Jeff: That’s a tough balancing act. Right. And I always say take it by a case by case basis. And the reason I say that is, one of the mantras in DevOps is if something painful, do it more often. Right. Because the more often you do it, the more muscle memory it becomes and you get to work out and iron out those kinks.

Jeff: The issue that we see with automating very infrequent tasks is that the landscape of the environment tends to change in between executions of that automation. Right. What ends up happening is your code makes particular assumptions about the environment and those assumptions are no longer valid. So the automation ends up breaking anyways.

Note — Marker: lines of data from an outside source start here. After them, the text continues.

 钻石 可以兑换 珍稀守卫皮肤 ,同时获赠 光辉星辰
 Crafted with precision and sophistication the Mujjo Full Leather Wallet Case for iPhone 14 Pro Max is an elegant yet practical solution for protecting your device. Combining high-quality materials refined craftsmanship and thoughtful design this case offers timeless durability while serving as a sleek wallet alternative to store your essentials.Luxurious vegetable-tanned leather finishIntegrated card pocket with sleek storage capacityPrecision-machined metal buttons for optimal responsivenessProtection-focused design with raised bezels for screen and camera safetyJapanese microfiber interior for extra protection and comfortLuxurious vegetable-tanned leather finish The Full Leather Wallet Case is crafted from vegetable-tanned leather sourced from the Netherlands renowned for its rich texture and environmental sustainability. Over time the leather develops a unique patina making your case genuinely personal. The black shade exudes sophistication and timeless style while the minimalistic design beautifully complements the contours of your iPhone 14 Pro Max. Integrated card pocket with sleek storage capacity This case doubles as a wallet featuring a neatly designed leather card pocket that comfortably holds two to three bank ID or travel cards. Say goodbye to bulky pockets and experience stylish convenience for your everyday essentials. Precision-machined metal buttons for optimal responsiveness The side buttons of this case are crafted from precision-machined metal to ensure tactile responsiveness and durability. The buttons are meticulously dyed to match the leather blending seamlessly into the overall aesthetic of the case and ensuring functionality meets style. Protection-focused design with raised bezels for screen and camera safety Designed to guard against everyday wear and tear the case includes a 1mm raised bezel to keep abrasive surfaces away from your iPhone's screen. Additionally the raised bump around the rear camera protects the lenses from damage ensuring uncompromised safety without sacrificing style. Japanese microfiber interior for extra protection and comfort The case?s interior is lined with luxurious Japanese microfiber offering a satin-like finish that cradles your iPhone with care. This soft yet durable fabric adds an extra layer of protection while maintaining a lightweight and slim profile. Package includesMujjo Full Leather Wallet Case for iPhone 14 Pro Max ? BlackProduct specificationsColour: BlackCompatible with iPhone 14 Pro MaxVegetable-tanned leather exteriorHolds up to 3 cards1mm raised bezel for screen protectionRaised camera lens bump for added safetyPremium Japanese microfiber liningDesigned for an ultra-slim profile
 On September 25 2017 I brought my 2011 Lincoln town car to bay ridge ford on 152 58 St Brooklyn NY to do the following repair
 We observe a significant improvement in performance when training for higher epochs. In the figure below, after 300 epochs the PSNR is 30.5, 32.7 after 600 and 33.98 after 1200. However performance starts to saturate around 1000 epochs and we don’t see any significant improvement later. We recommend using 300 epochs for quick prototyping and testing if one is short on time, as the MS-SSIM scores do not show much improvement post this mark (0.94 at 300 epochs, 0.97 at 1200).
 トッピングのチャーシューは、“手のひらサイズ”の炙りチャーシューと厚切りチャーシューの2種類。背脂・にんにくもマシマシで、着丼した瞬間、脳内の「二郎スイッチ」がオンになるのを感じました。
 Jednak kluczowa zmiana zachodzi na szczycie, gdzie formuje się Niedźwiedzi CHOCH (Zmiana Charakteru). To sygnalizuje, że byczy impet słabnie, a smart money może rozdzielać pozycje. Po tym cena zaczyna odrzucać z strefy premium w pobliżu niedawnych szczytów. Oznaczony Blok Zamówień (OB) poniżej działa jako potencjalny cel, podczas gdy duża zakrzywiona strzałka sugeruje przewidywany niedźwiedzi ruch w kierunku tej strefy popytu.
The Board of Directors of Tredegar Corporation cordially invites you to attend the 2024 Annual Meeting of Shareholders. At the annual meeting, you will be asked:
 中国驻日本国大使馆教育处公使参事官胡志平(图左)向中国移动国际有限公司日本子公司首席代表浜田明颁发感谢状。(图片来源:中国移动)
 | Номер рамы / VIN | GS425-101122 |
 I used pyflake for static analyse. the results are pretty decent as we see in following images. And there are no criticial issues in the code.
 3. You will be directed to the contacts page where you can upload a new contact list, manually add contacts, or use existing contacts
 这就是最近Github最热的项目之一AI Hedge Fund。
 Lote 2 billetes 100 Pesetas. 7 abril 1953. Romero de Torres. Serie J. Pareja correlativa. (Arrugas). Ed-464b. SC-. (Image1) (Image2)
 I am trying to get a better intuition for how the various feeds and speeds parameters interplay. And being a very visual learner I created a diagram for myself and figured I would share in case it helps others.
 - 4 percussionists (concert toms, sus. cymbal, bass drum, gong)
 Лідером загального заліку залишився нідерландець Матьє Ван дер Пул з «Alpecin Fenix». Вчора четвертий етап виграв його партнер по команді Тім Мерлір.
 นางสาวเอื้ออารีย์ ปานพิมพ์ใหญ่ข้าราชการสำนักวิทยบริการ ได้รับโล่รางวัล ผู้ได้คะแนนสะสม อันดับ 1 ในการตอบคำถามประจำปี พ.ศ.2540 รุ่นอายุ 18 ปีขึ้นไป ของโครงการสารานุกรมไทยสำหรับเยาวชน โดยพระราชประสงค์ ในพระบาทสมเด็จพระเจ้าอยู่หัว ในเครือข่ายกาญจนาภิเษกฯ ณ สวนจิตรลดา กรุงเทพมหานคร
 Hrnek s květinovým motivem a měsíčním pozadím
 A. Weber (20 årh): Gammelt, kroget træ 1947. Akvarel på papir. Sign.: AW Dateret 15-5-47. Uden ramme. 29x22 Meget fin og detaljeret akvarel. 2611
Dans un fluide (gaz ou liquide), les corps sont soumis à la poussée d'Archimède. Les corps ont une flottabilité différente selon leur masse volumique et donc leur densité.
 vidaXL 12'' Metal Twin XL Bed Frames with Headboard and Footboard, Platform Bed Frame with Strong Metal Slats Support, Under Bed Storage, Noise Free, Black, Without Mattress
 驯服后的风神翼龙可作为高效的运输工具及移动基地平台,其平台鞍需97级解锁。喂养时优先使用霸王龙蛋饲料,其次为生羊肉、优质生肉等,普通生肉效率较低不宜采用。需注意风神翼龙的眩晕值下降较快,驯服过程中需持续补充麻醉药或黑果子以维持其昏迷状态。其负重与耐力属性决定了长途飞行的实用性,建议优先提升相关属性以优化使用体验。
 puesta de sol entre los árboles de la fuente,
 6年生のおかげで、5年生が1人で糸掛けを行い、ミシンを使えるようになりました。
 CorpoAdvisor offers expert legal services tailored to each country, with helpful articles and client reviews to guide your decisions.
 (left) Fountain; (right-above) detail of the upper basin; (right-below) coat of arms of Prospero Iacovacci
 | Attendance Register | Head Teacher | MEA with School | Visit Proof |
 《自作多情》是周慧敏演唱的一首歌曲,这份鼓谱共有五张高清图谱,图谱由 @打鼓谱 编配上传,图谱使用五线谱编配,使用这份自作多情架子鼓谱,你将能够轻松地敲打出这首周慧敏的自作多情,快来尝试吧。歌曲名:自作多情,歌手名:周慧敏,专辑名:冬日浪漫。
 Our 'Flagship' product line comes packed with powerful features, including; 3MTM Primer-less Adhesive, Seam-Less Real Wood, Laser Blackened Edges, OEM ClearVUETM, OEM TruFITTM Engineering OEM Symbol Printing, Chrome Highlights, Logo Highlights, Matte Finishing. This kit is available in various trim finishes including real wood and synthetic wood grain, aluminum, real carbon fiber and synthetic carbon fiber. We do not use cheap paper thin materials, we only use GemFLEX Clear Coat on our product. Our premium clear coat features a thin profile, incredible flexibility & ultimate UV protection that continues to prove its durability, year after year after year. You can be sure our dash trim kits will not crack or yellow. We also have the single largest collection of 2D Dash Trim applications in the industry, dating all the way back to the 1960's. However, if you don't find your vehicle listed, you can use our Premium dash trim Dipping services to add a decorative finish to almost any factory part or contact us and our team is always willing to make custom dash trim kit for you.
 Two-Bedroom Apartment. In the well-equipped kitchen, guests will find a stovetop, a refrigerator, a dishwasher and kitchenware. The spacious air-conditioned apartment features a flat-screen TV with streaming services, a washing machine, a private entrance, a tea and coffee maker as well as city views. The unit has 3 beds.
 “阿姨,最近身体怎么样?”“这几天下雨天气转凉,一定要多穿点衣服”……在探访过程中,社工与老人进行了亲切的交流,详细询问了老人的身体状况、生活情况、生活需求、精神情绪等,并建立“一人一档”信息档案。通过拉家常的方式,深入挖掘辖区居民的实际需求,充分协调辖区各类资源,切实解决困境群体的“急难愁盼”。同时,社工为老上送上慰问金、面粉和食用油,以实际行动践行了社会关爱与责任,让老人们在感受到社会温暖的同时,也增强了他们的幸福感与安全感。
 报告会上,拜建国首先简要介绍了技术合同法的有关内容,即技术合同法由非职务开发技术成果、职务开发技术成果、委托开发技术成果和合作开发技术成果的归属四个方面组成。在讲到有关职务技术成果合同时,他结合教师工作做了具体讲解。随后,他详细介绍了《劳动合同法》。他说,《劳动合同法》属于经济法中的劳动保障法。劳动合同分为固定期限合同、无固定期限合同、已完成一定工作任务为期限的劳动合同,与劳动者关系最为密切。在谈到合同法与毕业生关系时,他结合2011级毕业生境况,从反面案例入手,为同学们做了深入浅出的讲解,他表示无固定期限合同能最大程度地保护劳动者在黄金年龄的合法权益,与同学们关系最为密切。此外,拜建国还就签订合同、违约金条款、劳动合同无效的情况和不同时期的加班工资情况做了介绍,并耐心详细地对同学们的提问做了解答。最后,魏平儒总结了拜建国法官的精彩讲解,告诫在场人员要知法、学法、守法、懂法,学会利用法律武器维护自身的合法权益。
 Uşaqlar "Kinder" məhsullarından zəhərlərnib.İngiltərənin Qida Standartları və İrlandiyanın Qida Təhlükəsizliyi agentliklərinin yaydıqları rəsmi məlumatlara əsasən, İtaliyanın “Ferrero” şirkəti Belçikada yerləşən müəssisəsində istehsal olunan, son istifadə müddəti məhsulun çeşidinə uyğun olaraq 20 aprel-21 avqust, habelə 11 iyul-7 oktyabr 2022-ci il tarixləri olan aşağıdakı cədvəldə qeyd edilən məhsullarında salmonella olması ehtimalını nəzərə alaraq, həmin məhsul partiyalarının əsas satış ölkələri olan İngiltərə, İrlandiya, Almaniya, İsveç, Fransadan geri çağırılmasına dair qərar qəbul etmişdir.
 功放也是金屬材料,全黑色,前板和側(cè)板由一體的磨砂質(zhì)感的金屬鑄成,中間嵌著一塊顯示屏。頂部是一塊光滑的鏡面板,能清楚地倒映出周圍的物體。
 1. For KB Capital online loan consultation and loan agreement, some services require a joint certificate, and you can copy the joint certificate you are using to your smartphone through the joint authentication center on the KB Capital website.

Drew: And then you’ve got two problems.

Jeff: Right. Right. Exactly. Exactly. And you’re like, “Did I type it wrong? Or is this? No, this thing is actually broke.” So-

Jeff: Typing wrong or is this no, this thing is actually broke. So when it comes to automating infrequent tasks, we really take it by a case by case basis to understand, well, what’s the risk if this doesn’t work, right. If we get it wrong, are we in a bad state or is it just that we haven’t finished this task? So if you can make sure that this would fail gracefully and not have a negative impact, then it’s worth giving a shot in automating it. Because at the very least, then you have a framework of understanding of what should be going on because at the very least, someone’s going to be able to read the code and understand, all right, this is what we were doing. And I don’t understand why this doesn’t work anymore, but I have a clear understanding of what was supposed to happen at least based at design time when this was written.

Jeff: But if you’re ever in a situation where failure could lead to data changes or anything like that, I usually err on the side of caution and keep it manual only because if I have an automation script, if I find some confluence document that’s three years old that says run this script, I tend to have a hundred percent confidence in that script and I execute it. Right. Whereas if it’s a series of manual steps that was documented four years ago, I’m going to be like, I need to do some verification here. Right? Let me step through this a little bit and talk to a few people. And sometimes when we design processes, it’s worthwhile to force that thought process, right? And you have to think about the human component and how they’re going to behave. And sometimes it’s worth making the process a little more cumbersome to force people to think should I be doing this now?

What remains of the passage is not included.